Notice the query has no tenant_id predicate at all. A new engineer can write the most naive query imaginable and it is still isolated, because the policy is appended by the planner. That is the property you are buying: correctness that does not depend on discipline.

The connection pooling trap

This is the bug that bites everyone who adopts a transaction pooler (PgBouncer in transaction mode, or a language-level pool). In that mode a physical connection is handed to a different client after every transaction. If you ever run SET app.tenant_id = 5 without LOCAL, the GUC sticks to the socket and the next checkout inherits tenant 5. The fix is two-fold: always use the local/transaction-scoped form, and reset connections on return to the pool as a belt-and-suspenders measure.

import psycopg_pool


def _reset(conn) -> None:
    # Belt-and-suspenders: even a leaked GUC cannot survive a checkout.
    conn.execute("RESET ALL")
    conn.commit()


pool = psycopg_pool.ConnectionPool(
    "postgresql://app@db/dailywatch",
    min_size=4,
    max_size=20,
    reset=_reset,
)


def trending(tenant_id: int, region: str = "US") -> list[tuple]:
    with pool.connection() as conn:
        with conn.transaction():            # explicit txn => SET LOCAL scope
            conn.execute(
                "SELECT set_config('app.tenant_id', %s, true)",
                (str(tenant_id),),
            )
            cur = conn.execute(
                """
                SELECT id, title
                  FROM video
                 WHERE region = %s
                 ORDER BY published_at DESC
                 LIMIT 40
                """,
                (region,),
            )
            return cur.fetchall()

The reset callback runs RESET ALL before a connection re-enters the pool. Combined with set_config(..., true) inside an explicit transaction, you now have two independent guarantees that tenant context cannot leak. When the failure mode is "customer A sees customer B's data," two guarantees are not paranoia.

Partitioning the event firehose

Metadata tables stay small. The table that grows without bound is the watch/impression event stream — millions of rows a day across all tenants. Range-partition it by time so retention is a metadata operation (drop last month's partition instead of running a DELETE that bloats the heap), and keep RLS on the parent so every partition inherits tenant isolation automatically.

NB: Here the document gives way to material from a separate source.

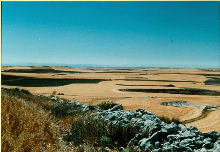
F-9120 Superficie de las Calizas inferiores del Páramo encajada en la Superficie del Páramo desde el Pico de la Virgen (Tórtolos de Esgueva) Cuaternario .

CREATE TABLE watch_event (
    tenant_id   bigint      NOT NULL,
    video_id    bigint      NOT NULL,
    occurred_at timestamptz NOT NULL DEFAULT now(),
    country     text,
    PRIMARY KEY (tenant_id, video_id, occurred_at)
) PARTITION BY RANGE (occurred_at);

CREATE TABLE watch_event_2026_06 PARTITION OF watch_event
    FOR VALUES FROM ('2026-06-01') TO ('2026-07-01');
CREATE TABLE watch_event_2026_07 PARTITION OF watch_event
    FOR VALUES FROM ('2026-07-01') TO ('2026-08-01');

-- RLS on the parent applies to every partition.
ALTER TABLE watch_event ENABLE ROW LEVEL SECURITY;
ALTER TABLE watch_event FORCE  ROW LEVEL SECURITY;
CREATE POLICY tenant_isolation ON watch_event
    USING (tenant_id = current_setting('app.tenant_id')::bigint);

For a handful of very large "whale" tenants you can go a step further and LIST-partition the top level by tenant_id, then sub-partition each by time. That isolates a noisy tenant's data to its own physical files and lets you set per-tenant autovacuum thresholds. Start with time-range partitioning; reach for hybrid partitioning only when one tenant's volume distorts the others.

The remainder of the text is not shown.